# Subs wanted in Quad Cities Iowa Illinois



## ff610 (Jan 9, 2009)

I am currently looking for dependable subs in the Quad Cities Iowa/Illinois area for this next snow season. Must have reliable trucks, be dependable and have insurance. Message me if you are interested. Thanks


----------



## ff610 (Jan 9, 2009)

Still looking for some more subs...


----------



## vamootsman (Oct 5, 2008)

Are you looking for someone to run all over the quads, or to take care of certain properties regularly? Do you need them salt also?


----------



## ff610 (Jan 9, 2009)

vamootsman;1085202 said:


> Are you looking for someone to run all over the quads, or to take care of certain properties regularly? Do you need them salt also?

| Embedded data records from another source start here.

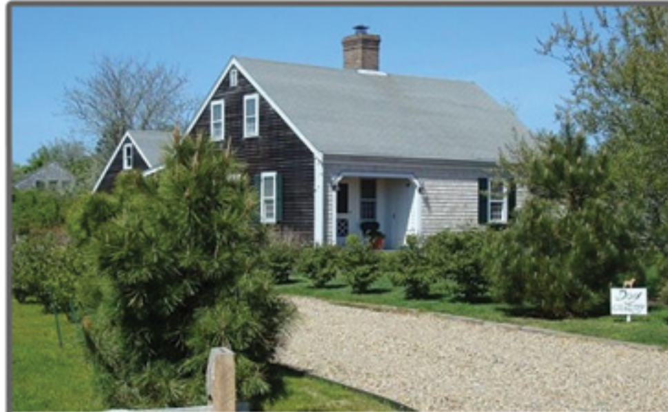
HUMMOCK POND 52 Meadow View Drive $1,150,000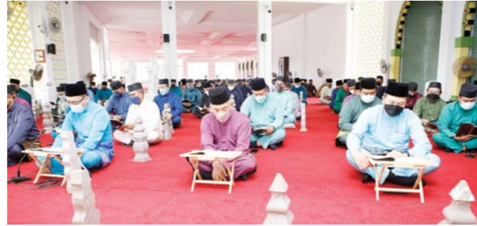
The Ministry of Primary Resources and Tourism as well as its departments on April 9. Leading the delegation was Yang Berhormat Dato Seri Setia Awang Haji Ali bin Apong, Minister of Primary Resources and Tourism.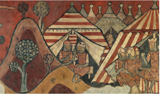
CONQUEST OF MAJORCA Room 17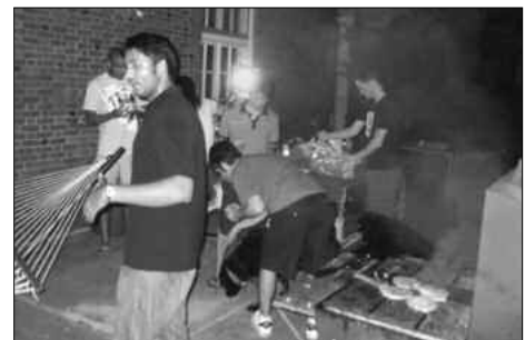
Members of the '08 class try to pack in just a few more calories after a weekend of partying during our weekly Sunday night cookout.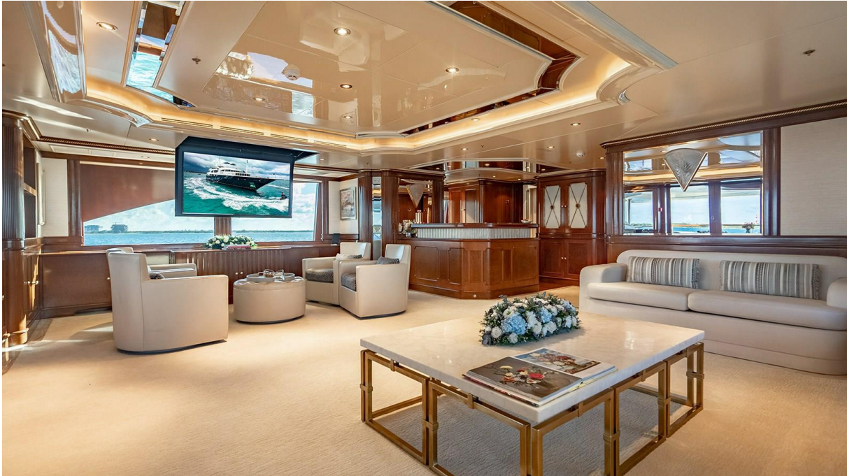
NEXT CHAPTER 180'6"/55m Benetti 2003/2022 - Sky Lounge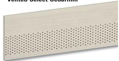
Color Shown: Cobble Stone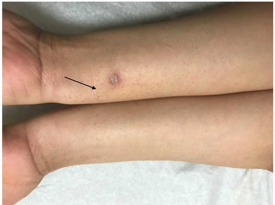
FIGURE 3: Light brown ovoid papules (arrow) symmetrically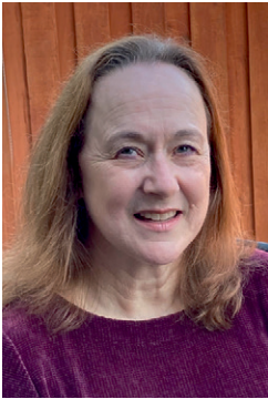
Eilis Boudreau Scientific Program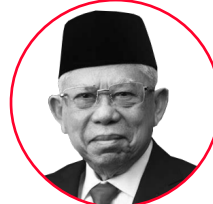
Ma'ruf Amin Vice President of Republic of Indonesia

Casual Talk: Drawing a Synergized Digital Strategy to Accelerate Next-level Economic Recovery Joint-Statement: Indonesia Digital Economy and Finance: Growing Further Together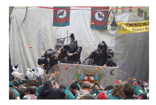
The Battle of the Oranges at carnival of Ivrea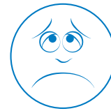
Hurts Whole Lot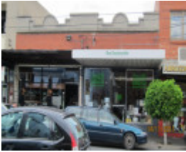
500 & 502 Lygon Street Brunswick East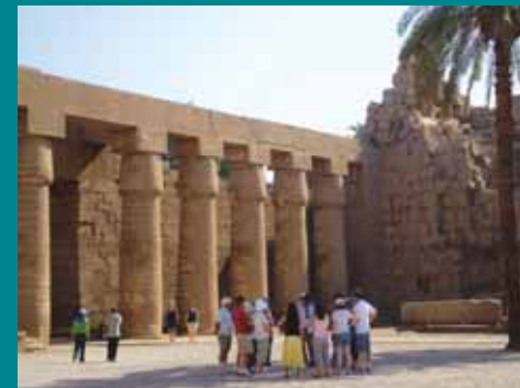
Great court of Karnak, Egypt

The 27 day "Majesty of Egypt – Magnificent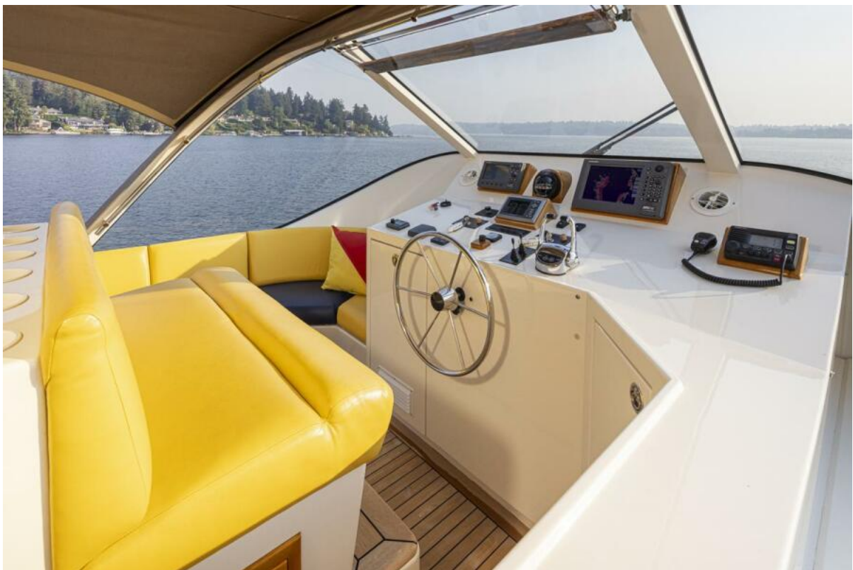
Helm Station Helm Station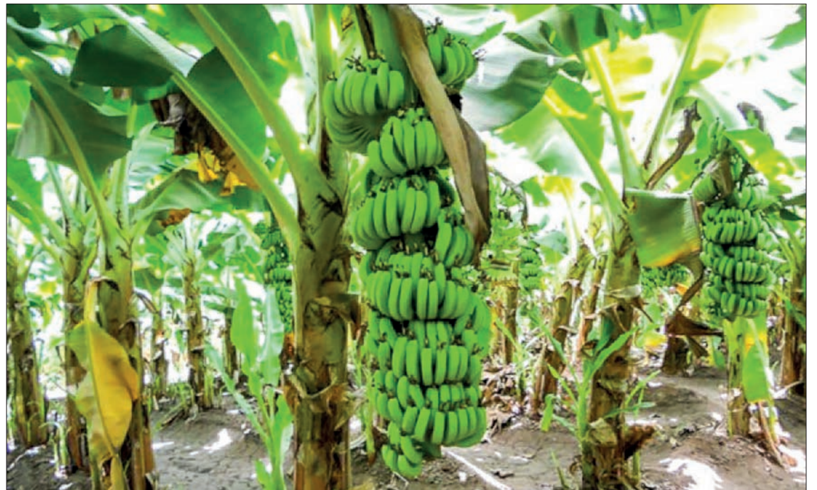
GM bananas are grown on the local farm.

GM bananas were mainly exported from Kachin State's Kampaiti border trade post to China during the rainy season, from 1 April to 17 June 2022, and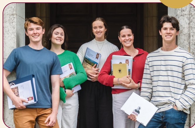
Students on campus

The College encourages students to participate in the Awards and Prizes Program. For many this is a chance to showcase their learning and share their thoughts.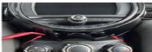
2.Take out the panel decorative ring buckle.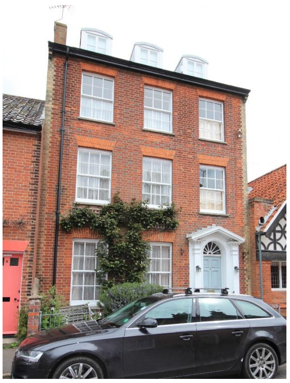
No.3 Park Lane

No.3 Park Lane (Positive Unlisted Building). A substantial Italianate house of c.1870 which was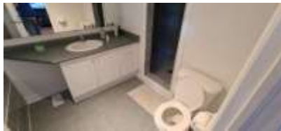
Pic. 8: Master bath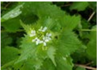
Invasive Garlic Mustard

You may also call or text Norm Werner at 248-763-2497 for more information.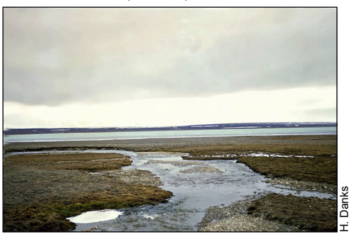
Fig. 3. Lower part of a creek flowing into the sedge meadow, with lake beyond (4 July).

In due course, the softened snow in creeks melted further and water began to flow in the top part of the snow pack (Fig. 1). Within a few days it had cut down to the streambed (Fig. 2). Such creeks supplied water to the wetland (Fig. 3).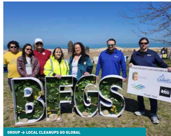
GROUP → LOCAL CLEANUPS GO GLOBAL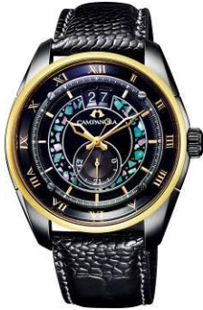
CITIZEN FLAGSHIP STORE TOKYO [1F] Campanola mechanical collection GSIX limited edition 1,250,000 JPY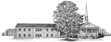
Westfield Baptist Church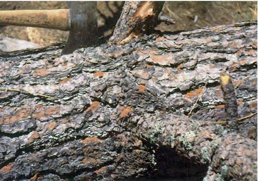
Figure 2 —Boring dust on slash.

It attacks the following native pines: ponderosa, sugar, Coulter, western white, lodgepole, Jeffrey, Digger, knobcone, Monterey, and bishop pines. It also attacks knobcone X Monterey hybrid pines and probably other pines introduced in-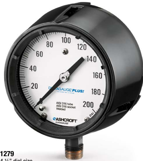
1279 4 1/2" dial size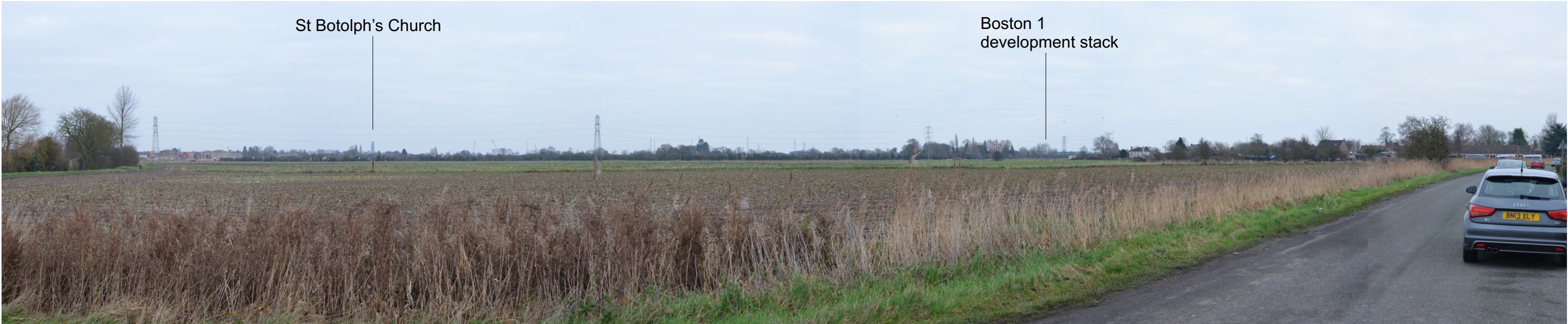
View 16: Looking north east from properties off Causeway (E532419, N340990, 3mAOD, 55°, 1.6km from site boundary)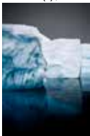
Bergy Bits in Errera Channel(v), Errera Channel, Antarctic Peninsula, Dec. 2007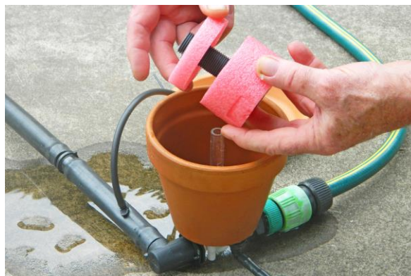
To adjust the interval between irrigation events, adjust the gap between the upper and lower float

Adjusting the interval between irrigation events does not change the water usage rate. For example, if you increase the interval between irrigation events by increasing the gap between the upper and lower float, the amount of water used during the irrigation event increases automatically to ensure that the water usage rate remains the same.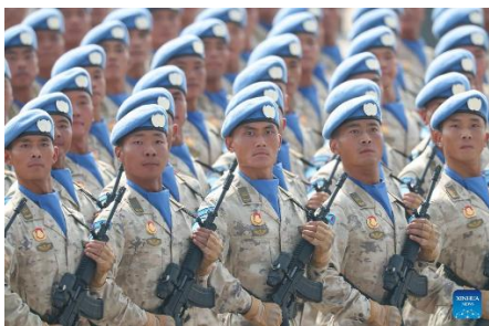
Chinese UN peacekeepers march through Tian'anmen Square during a military parade in Beijing, capital of China, Sept. 3, 2025. China on Wednesday held a grand gathering to commemorate the 80th anniversary of the victory in the Chinese People's War of Resistance against Japanese Aggression and the World Anti-Fascist War.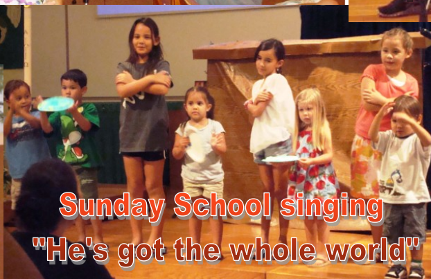
Sunday School singing "He's got the whole world"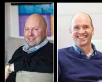
MARC ANDREESSEN AND BEN HOROWITZ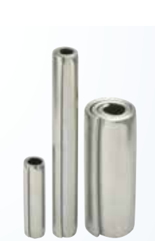
Coiled Spring Pins

SPIROL Korea 160-5 Seokchon-Dong Songpa-gu, Seoul, 138-844, Korea Tel. +86 21 5046-1451 Fax. +86 21 5046-1540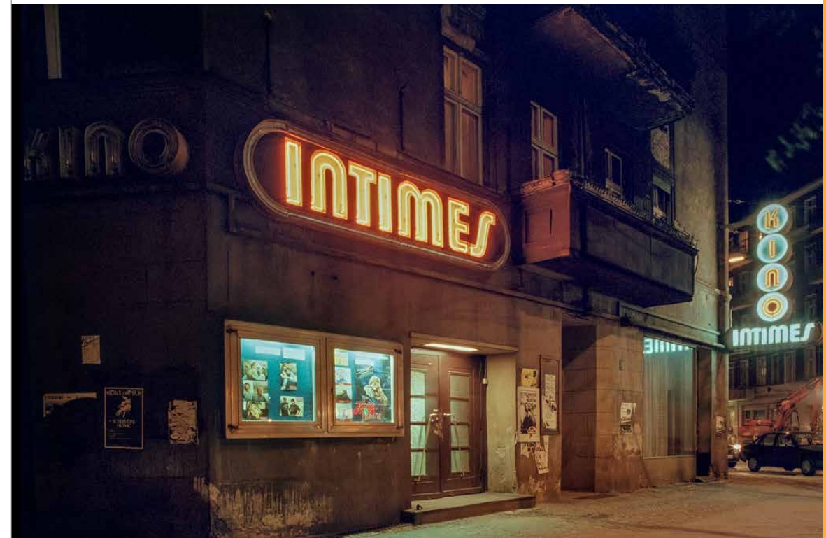
INTIMES KINO BOXHAGENER STRASSE, EAST BERLIN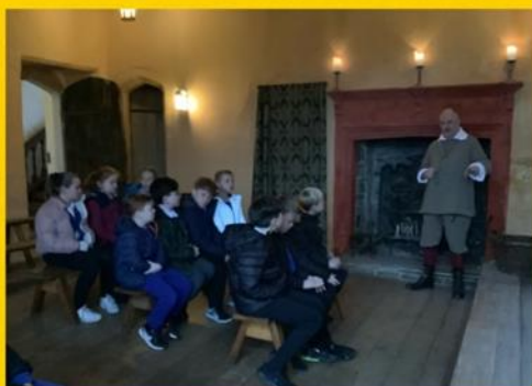
Our trip to Llancaich Fawr Manor

Dosbarth Coed have really enjoyed the lead up to Christmas and have worked hard to think about how we wait joyfully and patiently during the Advent season. In RE we have discussed various accounts of the nativity that we have found in the Bible and even created our own modern day Nativity scene pictures! We enjoyed talking about the activities we do in the lead up to Christmas and have made tally charts and bar graphs using the information from our class survey. We have continued with our topic based on the Tudors - Mighty Monarchs - and really enjoyed our trip to Llancaich Fawr Manor where we even met some Stuart servants who told us all about their master and the house they live in. We loved seeing the different rooms of the manor and talking about what daily life was like during Tudor and Stuart times. We are looking forward to continuing with our topic after Christmas and finding out more about the monarchs of Tudor and Stuart times. We have also been very creative in the lead up to Christmas, making Christmas cards, calendars and Christmas crafts! Nadolig Llawen pawb!

It depends on the person and equipment. I handle all the salting in most cases unless it's a small one. I try to keep people from running too much windshield time when possible. Feel free to give me a call this weekend to discuss it. Thanks
(563)529-2562 Ryan


----------



## ff610 (Jan 9, 2009)

Bump to the top. Still looking....


----------



## vamootsman (Oct 5, 2008)

Still interested, just buttoning down my own contracts, and new equipment purchases. Just looking for 1 or 2 other destinations to maintain on the Iowa side and maybe Illinois, if I can fit them in. Give me a call tomorrow at 563-320-2047 or PM with what you are looking for.


----------



## ff610 (Jan 9, 2009)

Will do thanks


----------